→ **Problem**: Beginning at the line that contains "その頃から発疹(ブツブツ)が", reproduce the entries below exactly, ending with the line that contains "Bathroom with jacuzzi". Omit each picture.

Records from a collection
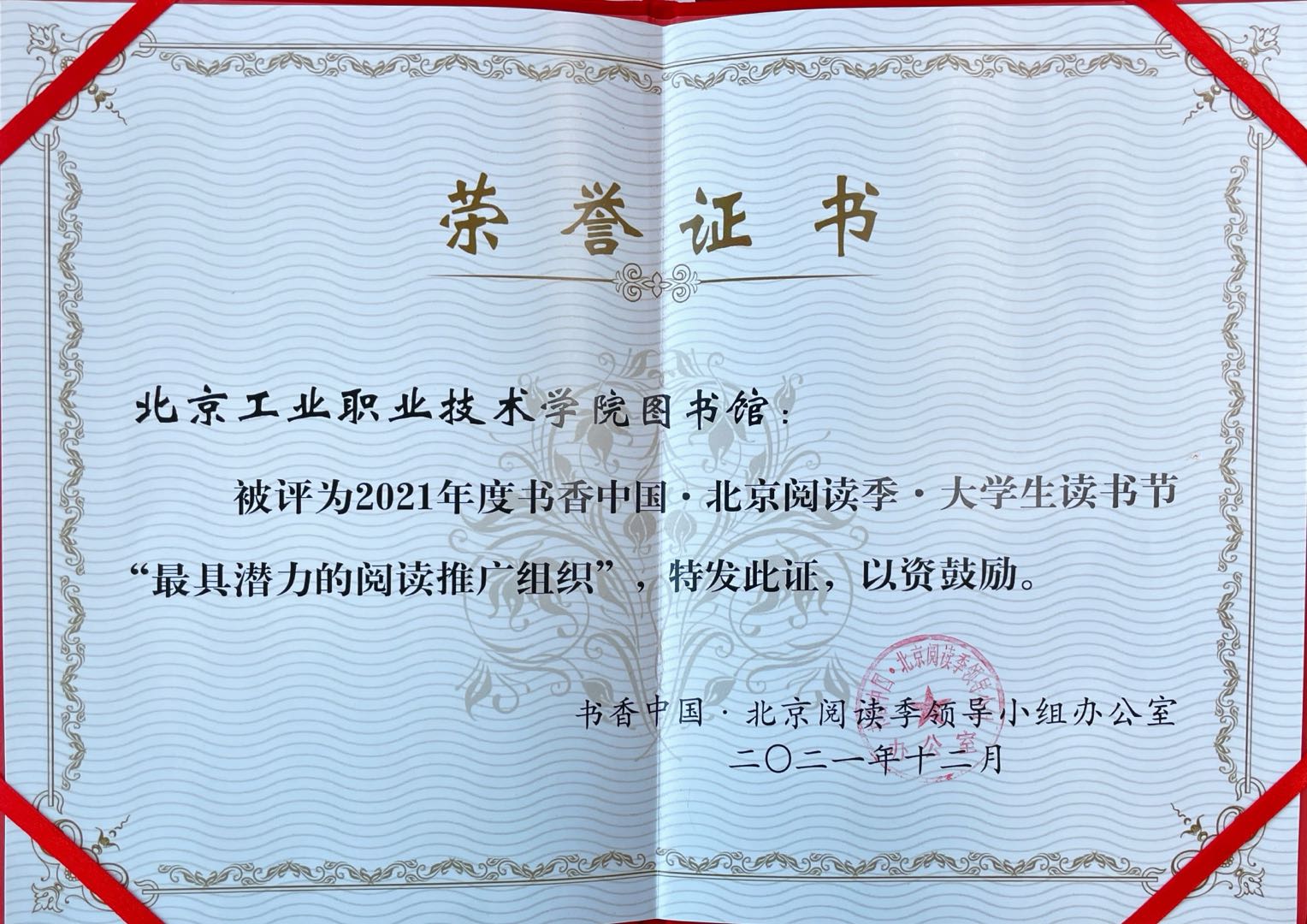 12月19日下午,“书香中国·北京阅读季·大学生读书节”总结会在北京图书大厦报告厅成功举办,我校图书馆被评为2021年度书香中国·北京阅读季·大学生读书节“最具潜力的阅读推广组织”。来自各主办单位的负责人、知名专家学者和来自全市40余所高校的教师和同学代表出席了活动。
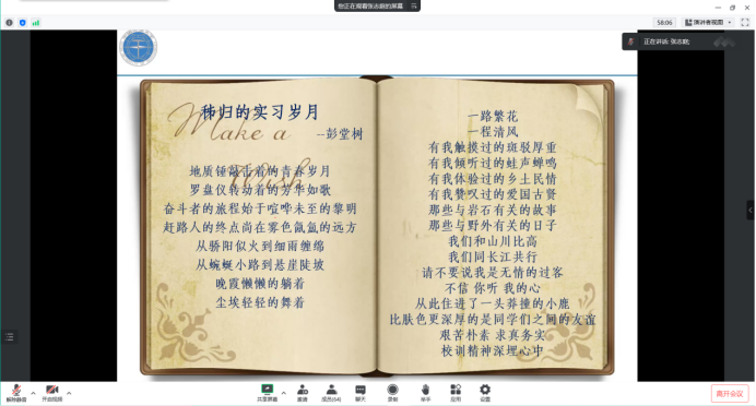 8月18日下午,太阳集团tyc539线上召开2022年秭归实习动员大会,公司副经理陈云亮,计算机应用系党支部书记武云,秭归实习队带班老师郭建秋、董玉森,班主任陈晓宇、陈麒玉,辅导员李祥瑞以及空间信息与数字技术专业194201班、194202班全体员工参加此次动员会。秭归实习队负责老师张志庭主持会议。
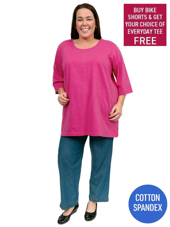 Everyone's favourite, everyday plain, plus size tees are back. Smart and comfy, these casual round-neck tees feature elbow length sleeves and side splits in the seams. Available in 10 fashion colours, they're a must for any wardrobe.
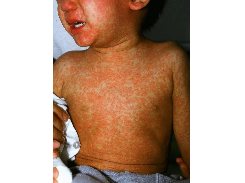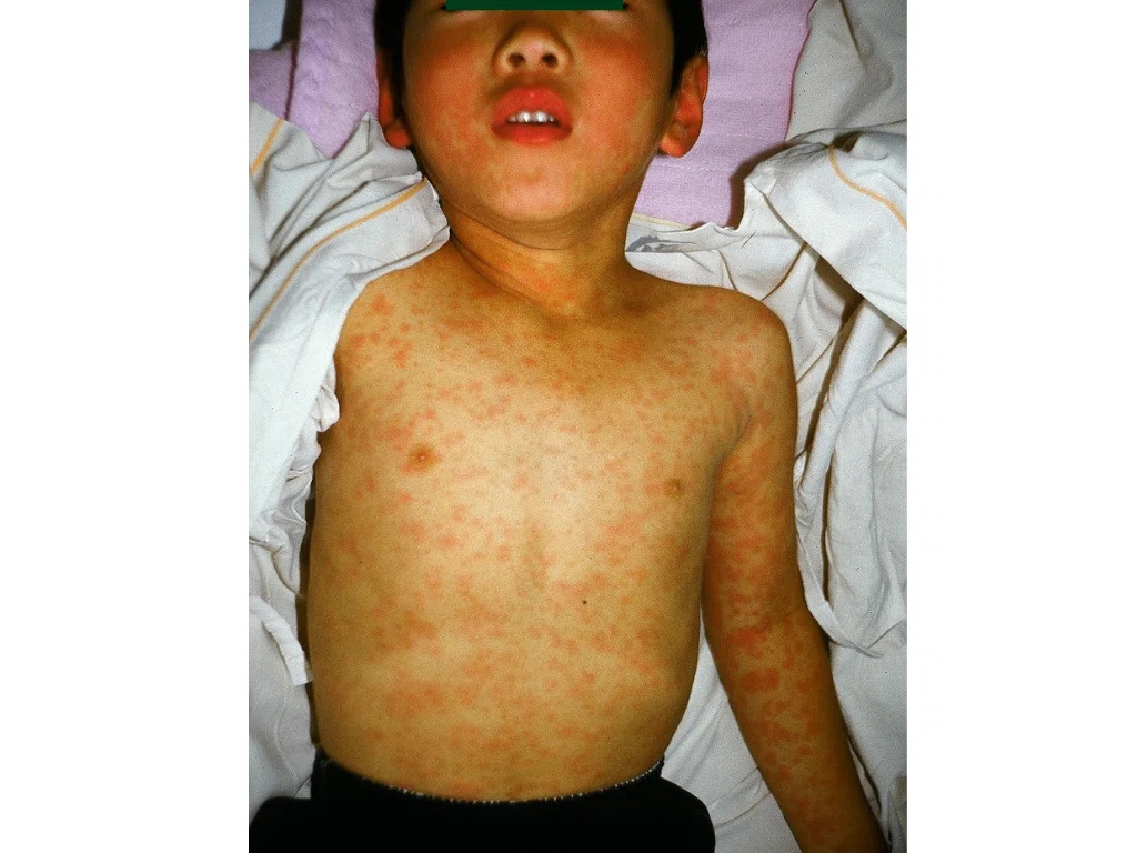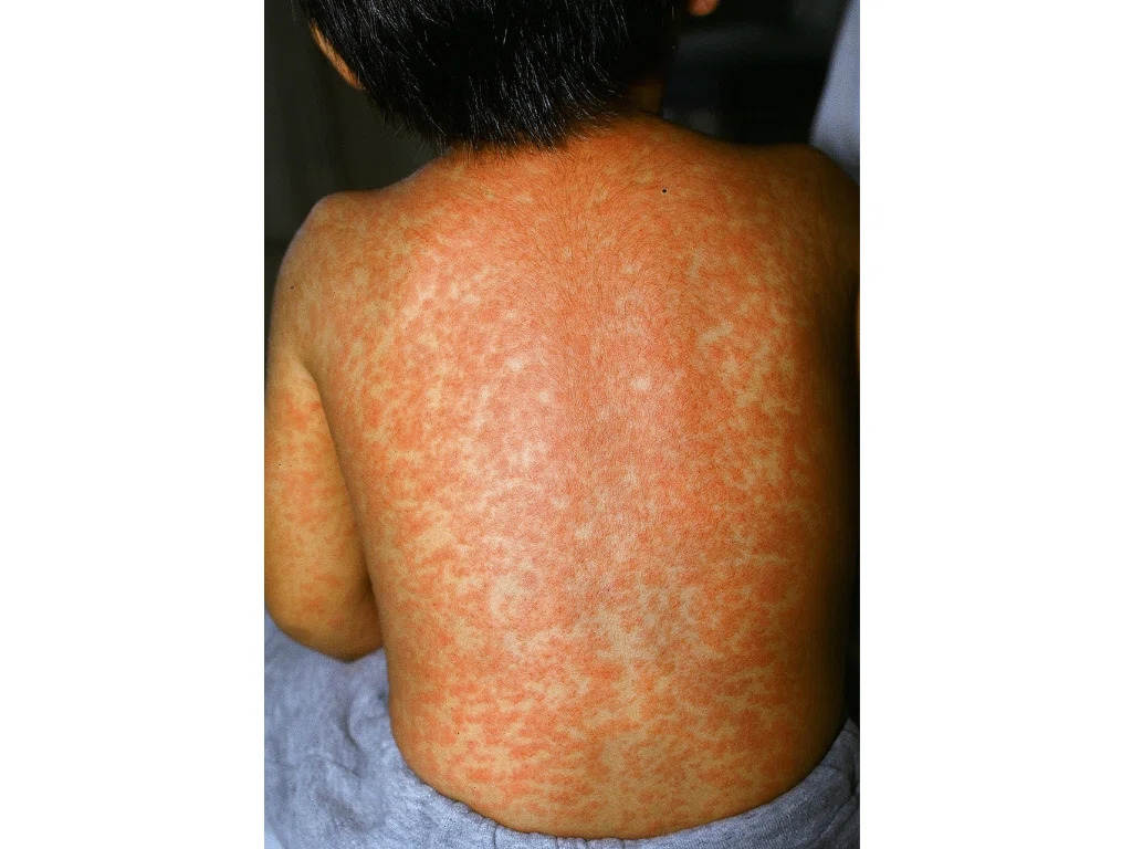 その頃から発疹(ブツブツ)が出てきます。発疹は耳の後ろから始まり次第に全身に広がります。
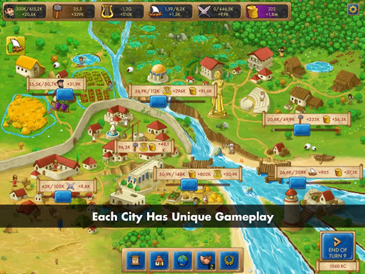 • Research ancient technologies, manage resources, build monuments to turn your settlement into a flourishing and influential Polis!
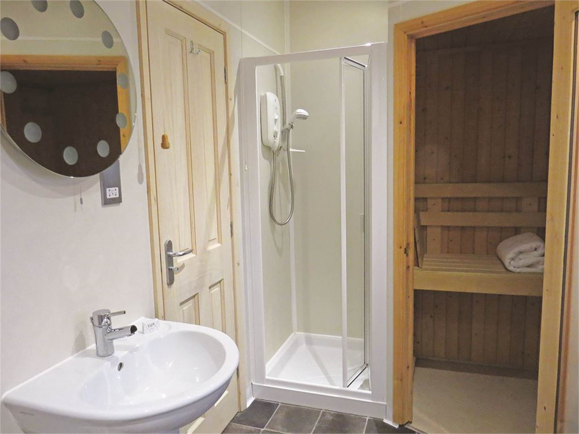 Bathroom with jacuzzi bathtub, shower cubicle, sauna, washbasin and toilet
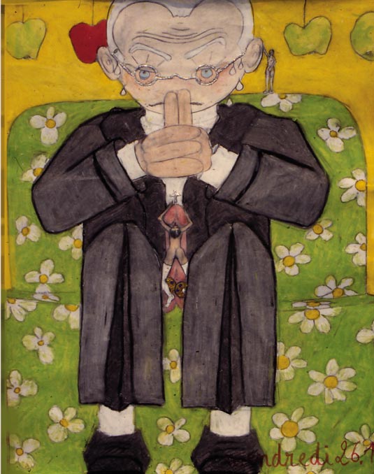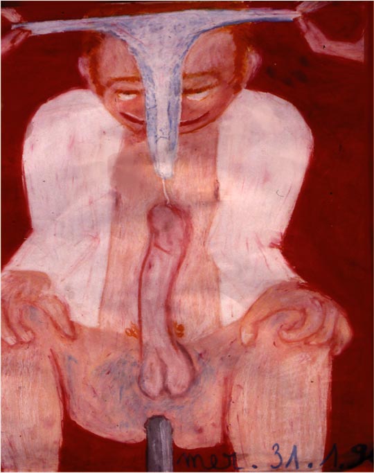 Début 1996, je suis strip teaseuse professionnelle. Lorsque je termine ma journée, je rejoins mes anciens camarades des Beaux Arts, à Rennes. J'en avais invité certains à venir au peep show, deux ou trois y sont allés, les autres n'ont pas osé. Bruno Sex portait bien son surnom, il a été le premier à venir me voir jouer, même si lui ne l'a fait qu'à moitié ; je l'aimais bien, car il assumait son voyeurisme. Il faisait figure de Daron dans notre groupe d'éphèbes, de part sa corpulence, sa pilosité brune envahissante. Quelques temps plus tôt, lorsque j'étais encore à l'école, j'avais performé pour un de ses court métrages, que je n'ai malheureusement pas. Sur une toile blanche, encadrée je crois, je dansais nue et m'exhibais avec délice. Les professeurs avaient beaucoup apprécié ma performance et m'avaient conseillée par la suite de m'engager plutôt dans cette voie, que dans la mienne. C'est vrai que j'étais très obscure dans ma représentation de la sexualité, et mes exhibitions peintes étaient clairement anti sensuelles. Mais depuis que je m'effeuillais professionnellement, j'avais retrouvé la joie, le plaisir de la provocation érotique ludique et assumée, devant des spectateurs enchantés, même si certains je l'admets repartaient décontenancés de la cabine. Il faut dire que je ne les ménageais pas avec mes performances, autant artistiques que physiques, mais je ressentais de l'empathie extrême, à tel point que je martyrisais mon sexe pour feindre le plaisir. Moi, ce qui me faisait jouir, cérébralement, c'était de découvrir leurs travers, leurs marottes, leurs secrets intimes. Je pensais ainsi pouvoir comprendre le reste du Monde. Au pastel gras, je fixe 4 spécimens de mes clients. Je me souviens avoir réalisé cette série, sous une table, à même le sol, en quelques heures. Je réservais les autres clients qui m'ont marquée par leur singularité dans ma mémoire, pour un jour, les raconter, ou les peindre, si j'en ai le temps. En 2021, je reprends ces dessins en peintures.
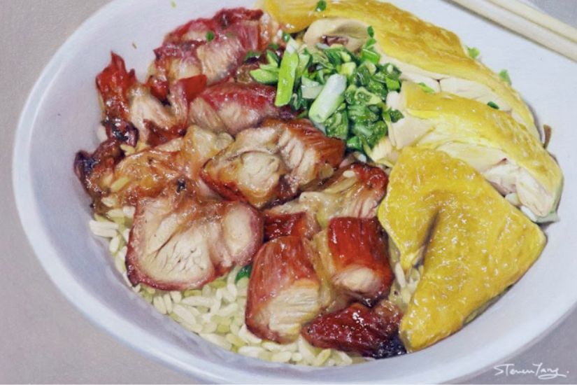 藝術家鄧梓俊利用木顏色媒材畫出一系列大家熟悉的港式本土經典美食,如《乾炒牛河》、《西多士》等等。藝術家筆觸細膩,一筆一畫讓作品栩栩如生,構圖參照「相機先食」的打卡日常,紀錄茶餐廳常見的食物,讓觀眾有機會重新欣賞港式快餐的美味和珍貴。
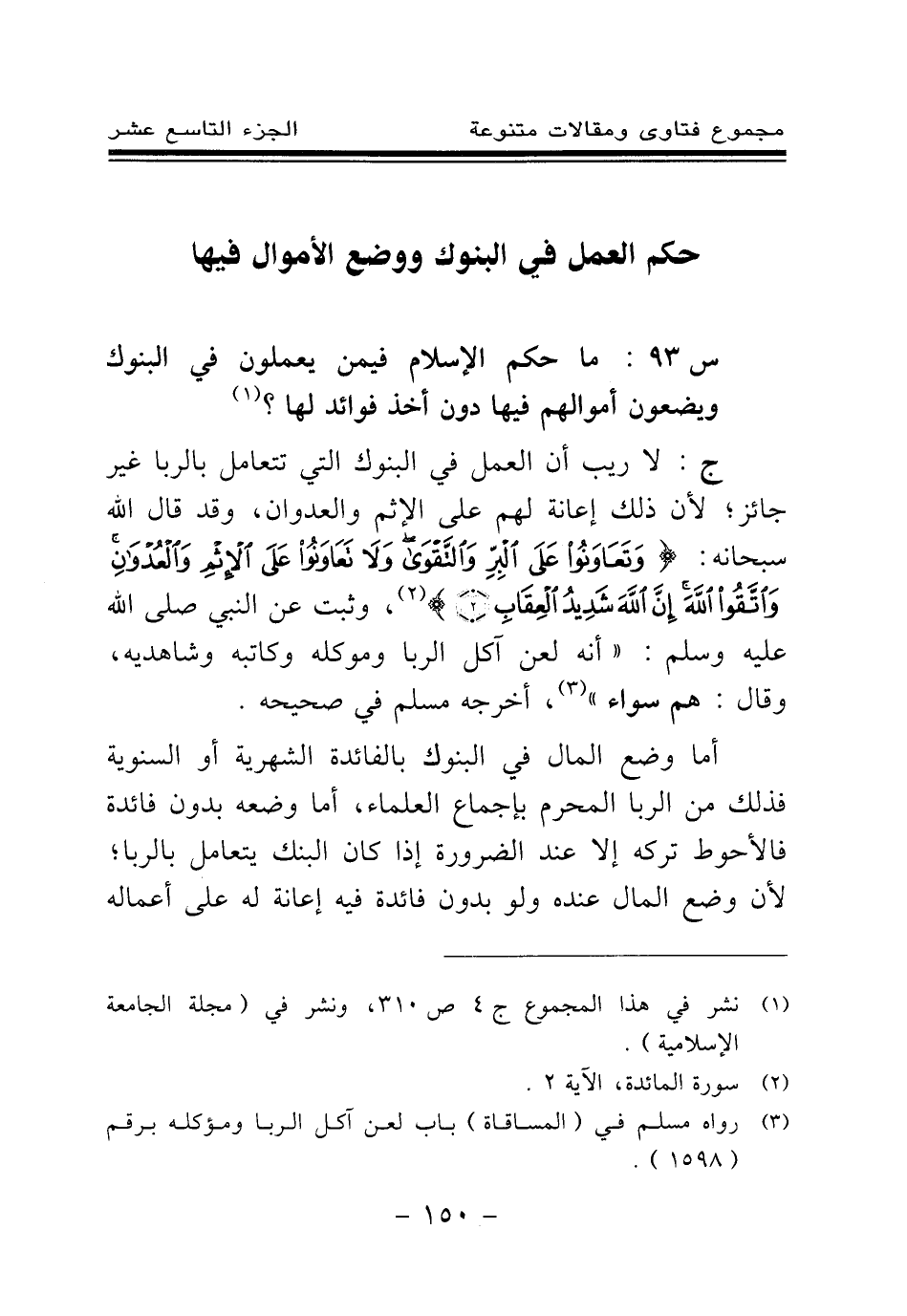 ج: لا ريب أن العمل في البنوك التي تتعامل بالربا غير جائز؛ لأن ذلك إعانة على الإثم والعدوان، وقد قال الله سبحانه: {وَتَعَاوَنُوا عَلَى الْبِرِّ وَالتَّقْوَى وَلَا تَعَاوَنُوا عَلَى الْإِثْمِ وَالْعُدْوَانِ وَاتَّقُوا اللَّهَ إِنَّ اللَّهَ شَدِيدُ الْعِقَابِ} (¬2) وقد ثبت عن النبي صلى الله عليه وسلم: «أنه لعن آكل الربا وموكله وكاتبه وشاهديه، وقال: هم سواء (¬3) » ، أخرجه مسلم في صحيحه.
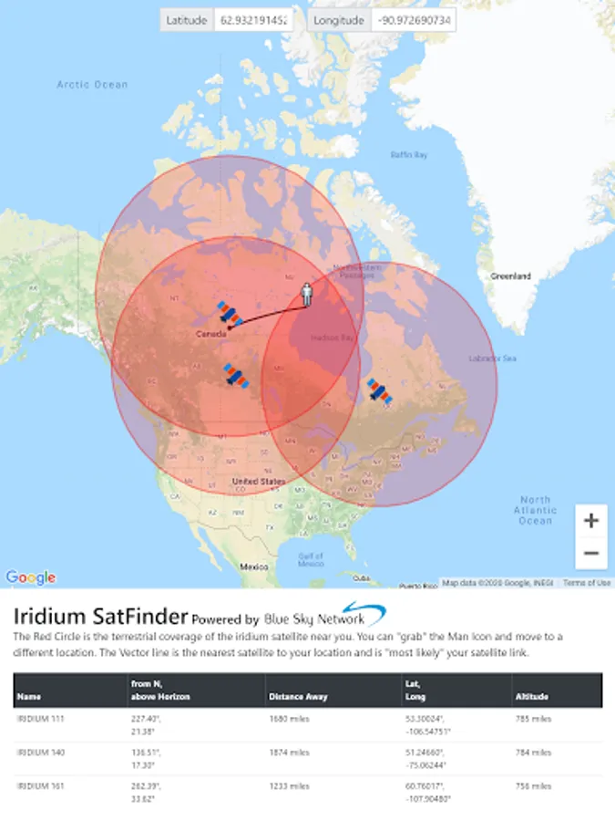 See in real-time which Iridium satellites are overhead and are probably serving you.

→ **Answer below**:
 その頃から発疹(ブツブツ)が出てきます。発疹は耳の後ろから始まり次第に全身に広がります。
 • Research ancient technologies, manage resources, build monuments to turn your settlement into a flourishing and influential Polis!
 Bathroom with jacuzzi bathtub, shower cubicle, sauna, washbasin and toilet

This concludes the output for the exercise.